___ INFORMATION SHOWN
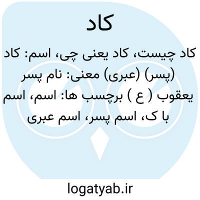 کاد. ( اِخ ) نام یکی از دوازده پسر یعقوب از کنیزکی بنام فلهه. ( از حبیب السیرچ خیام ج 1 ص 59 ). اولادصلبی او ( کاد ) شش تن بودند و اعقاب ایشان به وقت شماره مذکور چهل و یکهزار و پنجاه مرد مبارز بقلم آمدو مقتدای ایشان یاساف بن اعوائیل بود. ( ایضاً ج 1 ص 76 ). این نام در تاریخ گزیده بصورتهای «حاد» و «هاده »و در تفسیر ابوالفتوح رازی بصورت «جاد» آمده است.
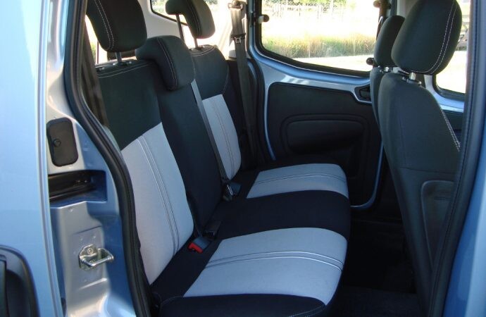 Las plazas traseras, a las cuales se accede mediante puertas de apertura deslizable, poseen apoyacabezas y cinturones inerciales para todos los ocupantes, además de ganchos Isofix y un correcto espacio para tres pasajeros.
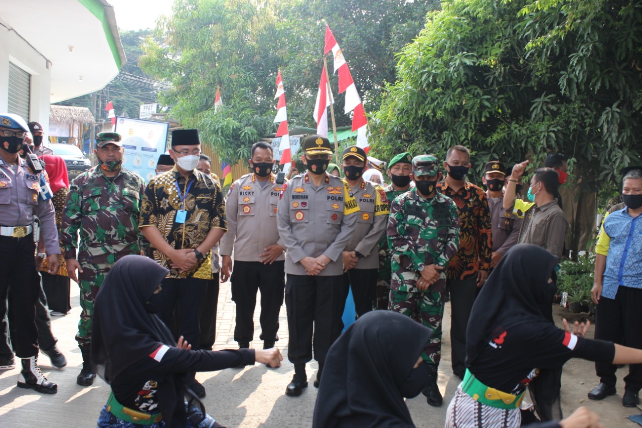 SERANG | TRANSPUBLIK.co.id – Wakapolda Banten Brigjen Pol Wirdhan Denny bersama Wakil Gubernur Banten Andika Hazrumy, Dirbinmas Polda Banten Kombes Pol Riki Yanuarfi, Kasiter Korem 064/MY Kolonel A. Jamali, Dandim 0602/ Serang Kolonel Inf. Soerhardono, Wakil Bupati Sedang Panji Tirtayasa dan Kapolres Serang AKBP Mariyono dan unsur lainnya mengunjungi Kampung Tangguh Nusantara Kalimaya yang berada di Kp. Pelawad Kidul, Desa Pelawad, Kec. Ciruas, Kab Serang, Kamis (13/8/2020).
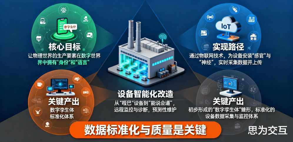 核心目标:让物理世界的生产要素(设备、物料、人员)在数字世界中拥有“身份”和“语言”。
______
> **ACTIVITY**
Please output each line above exactly and omit all images.

> **ANSWER BELOW**
 کاد. ( اِخ ) نام یکی از دوازده پسر یعقوب از کنیزکی بنام فلهه. ( از حبیب السیرچ خیام ج 1 ص 59 ). اولادصلبی او ( کاد ) شش تن بودند و اعقاب ایشان به وقت شماره مذکور چهل و یکهزار و پنجاه مرد مبارز بقلم آمدو مقتدای ایشان یاساف بن اعوائیل بود. ( ایضاً ج 1 ص 76 ). این نام در تاریخ گزیده بصورتهای «حاد» و «هاده »و در تفسیر ابوالفتوح رازی بصورت «جاد» آمده است.
 Las plazas traseras, a las cuales se accede mediante puertas de apertura deslizable, poseen apoyacabezas y cinturones inerciales para todos los ocupantes, además de ganchos Isofix y un correcto espacio para tres pasajeros.
 SERANG | TRANSPUBLIK.co.id – Wakapolda Banten Brigjen Pol Wirdhan Denny bersama Wakil Gubernur Banten Andika Hazrumy, Dirbinmas Polda Banten Kombes Pol Riki Yanuarfi, Kasiter Korem 064/MY Kolonel A. Jamali, Dandim 0602/ Serang Kolonel Inf. Soerhardono, Wakil Bupati Sedang Panji Tirtayasa dan Kapolres Serang AKBP Mariyono dan unsur lainnya mengunjungi Kampung Tangguh Nusantara Kalimaya yang berada di Kp. Pelawad Kidul, Desa Pelawad, Kec. Ciruas, Kab Serang, Kamis (13/8/2020).
 核心目标:让物理世界的生产要素(设备、物料、人员)在数字世界中拥有“身份”和“语言”。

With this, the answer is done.